| RAW DATA |
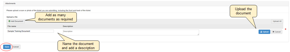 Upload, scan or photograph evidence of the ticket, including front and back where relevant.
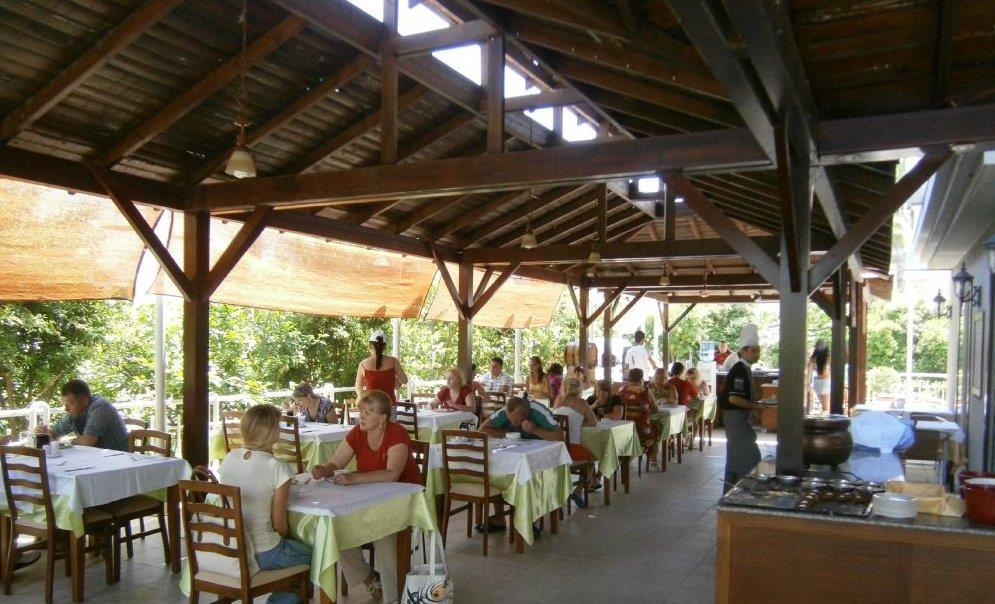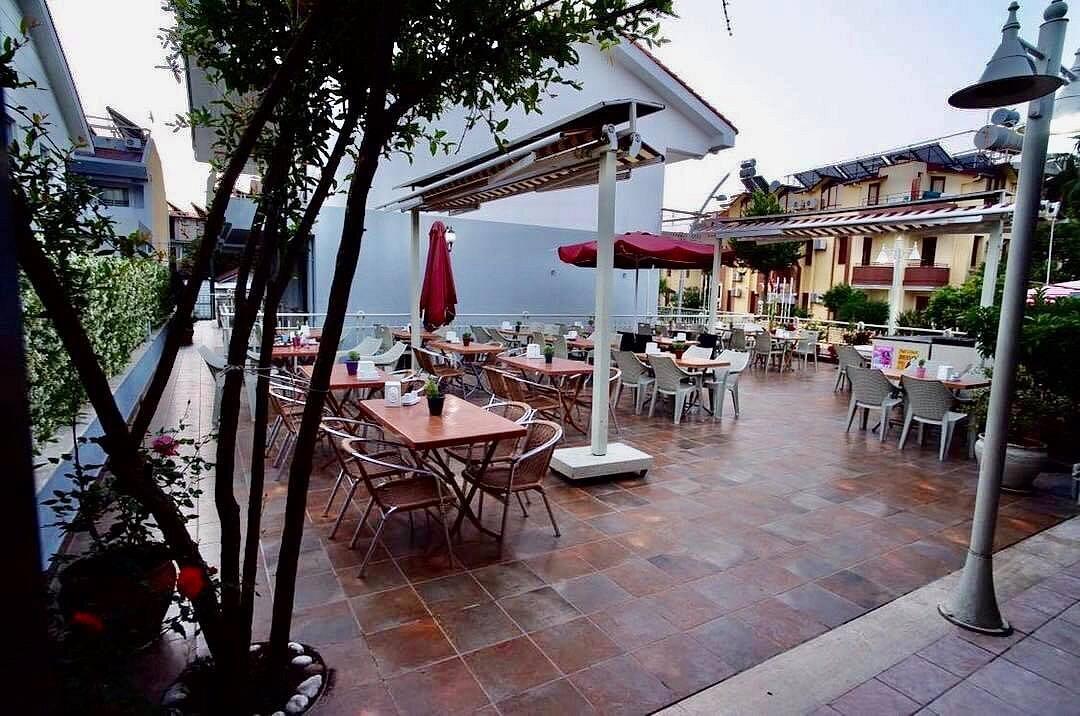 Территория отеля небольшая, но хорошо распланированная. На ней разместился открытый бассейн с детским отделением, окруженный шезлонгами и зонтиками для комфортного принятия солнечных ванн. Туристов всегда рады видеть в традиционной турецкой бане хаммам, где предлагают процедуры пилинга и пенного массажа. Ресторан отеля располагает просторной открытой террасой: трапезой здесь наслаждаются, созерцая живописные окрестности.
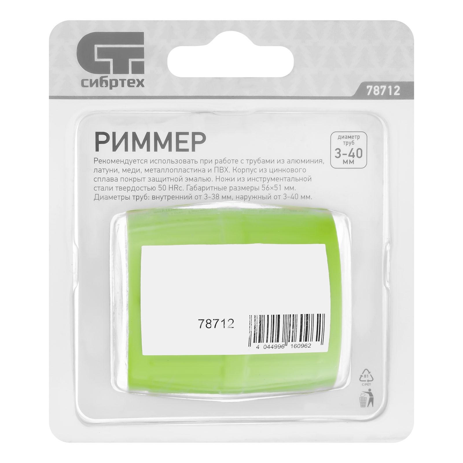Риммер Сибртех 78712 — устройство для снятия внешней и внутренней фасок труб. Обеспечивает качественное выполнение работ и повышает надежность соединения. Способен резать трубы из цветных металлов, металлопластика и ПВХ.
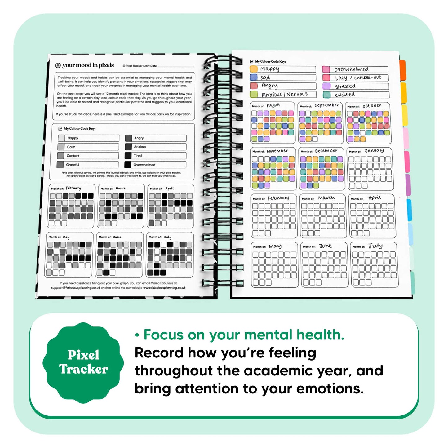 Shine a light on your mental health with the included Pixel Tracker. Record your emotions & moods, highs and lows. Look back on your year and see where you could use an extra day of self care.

| EXERCISE INSTRUCTIONS |
Since the pictures are not wanted, write out the rest of the data exactly as it reads.

| WRITTEN REPLY |
 Upload, scan or photograph evidence of the ticket, including front and back where relevant.
 Территория отеля небольшая, но хорошо распланированная. На ней разместился открытый бассейн с детским отделением, окруженный шезлонгами и зонтиками для комфортного принятия солнечных ванн. Туристов всегда рады видеть в традиционной турецкой бане хаммам, где предлагают процедуры пилинга и пенного массажа. Ресторан отеля располагает просторной открытой террасой: трапезой здесь наслаждаются, созерцая живописные окрестности.
Риммер Сибртех 78712 — устройство для снятия внешней и внутренней фасок труб. Обеспечивает качественное выполнение работ и повышает надежность соединения. Способен резать трубы из цветных металлов, металлопластика и ПВХ.
 Shine a light on your mental health with the included Pixel Tracker. Record your emotions & moods, highs and lows. Look back on your year and see where you could use an extra day of self care.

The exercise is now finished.